Alguna de las fotos que lleva tiradas podría ser muy buena y él lo sabe, o no habría hecho lo que hizo seguidamente: meterle el dedo en el ojo a uno de los agentes, zancadillear al otro y correr al encuentro del tranvía que baja dando tumbos y con el trole chisporroteando en el cable. Evitando verse agarrado otra vez, cruza temerariamente los raíles con intención de saltar al estribo del otro lado, pero el tranvía baja a mucha velocidad y no le da tiempo y lo golpea, lo lanza unos metros por delante, y, sin tiempo a frenar, lo apresa debajo del entramado de hierros de la plataforma delantera y lo arrastra varios metros.

El primero de los dos agentes que llega a su lado no se atreve a tocarlo. David abre los ojos y mira en torno como si no supiera dónde está.

– Ondia. ¿Tengo las piernas enterradas en la arena…?

– Tienes el cuello roto, maldita sea -masculla el agente.

Su compañero también se agacha, le mira, se levanta rápido y pregunta a un curioso que se ha acercado dónde hay un teléfono. El conductor del tranvía se ha sentado en el estribo y se tapa la cara con las manos. David aprieta la cámara en su pecho y con la otra mano desliza las yemas de los dedos sobre el empedrado húmedo y frío.

– Las manos me arden -dice con un hilo de voz-. A que nunca han visto una cazadora de cuero como ésta…

– Será mejor que no te muevas, muchacho -dice el agente-. Te sacaremos de aquí.

– Nadie me sacará de aquí.

– No te mires el pecho.

– Ningún agujero en la cazadora, por favor…

– No hables, no te muevas. Hazme caso.

El agente se incorpora al ver llegar a su compañero con ayuda. David aparta los ojos de él y con la uña escarba entre los dientes un resto de manzana. Estando en ello siente que se apaga el zumbido de los oídos y ladea la cabeza despacio, sin ningún signo de dolor, como si la reclinara sobre un agua que pasa para escuchar su rumor, o como si la recostara sobre la almohada arrebujado en su propio sueño.

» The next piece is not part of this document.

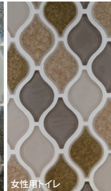
水濡れを気にせず小物を置けるシェルフや、汚れにくく非接触で衛生的な壁付水栓により快適性が向上。鏡背面のインテリアモザイクが空間に華を添えている。

Nadie nos devolvió su Voigtländer ni el último carrete que gastó aquella tarde, en el que tal vez estaría, luminosa y emblemática, con ese resplandor genuino que emana de la obstinación, su foto favorita, aquella cuyo negativo quería revelar sin retoques. No sé si consiguió esa foto, no lo sabremos nunca, pero la que yo conservo, la que le hizo días antes al tranvía espectral y encendido bajo la lluvia, rodeado por una muchedumbre sumisa y a la vez obstinada moviéndose a pie, raídas gabardinas en torvas espaldas y periódicos mojados en la cabeza, aquella fotografía que él había manipulado con un lápiz de punta fina en la soledad del cuarto de revelado, hoy sigue siendo la imagen más pertinente y turbadora de cuantas captó David, el testimonio más cabal y más veraz de lo que un día, hace mucho tiempo, conmovió a esta ciudad.

Ahora alguien ha abierto ventanas y celosías, toco bajo la almohada mi lápiz y mis cuadernos llenos de garabatos como olas persiguiéndose en un mar infinito, y enseguida vendrá la prima Lucía con otro vaso de leche y la medicina, después tendré ganas de leer un rato la única novela que conservo de la pelirroja, y le diré a Lucía: alcánzame Guerra y paz. Pero tendré que repetirlo varias veces porque, aunque me esfuerzo mucho, lo que me sale de la boca es algo así como cázame guerripa.

Y es que todavía me cuesta mucho hacerme entender.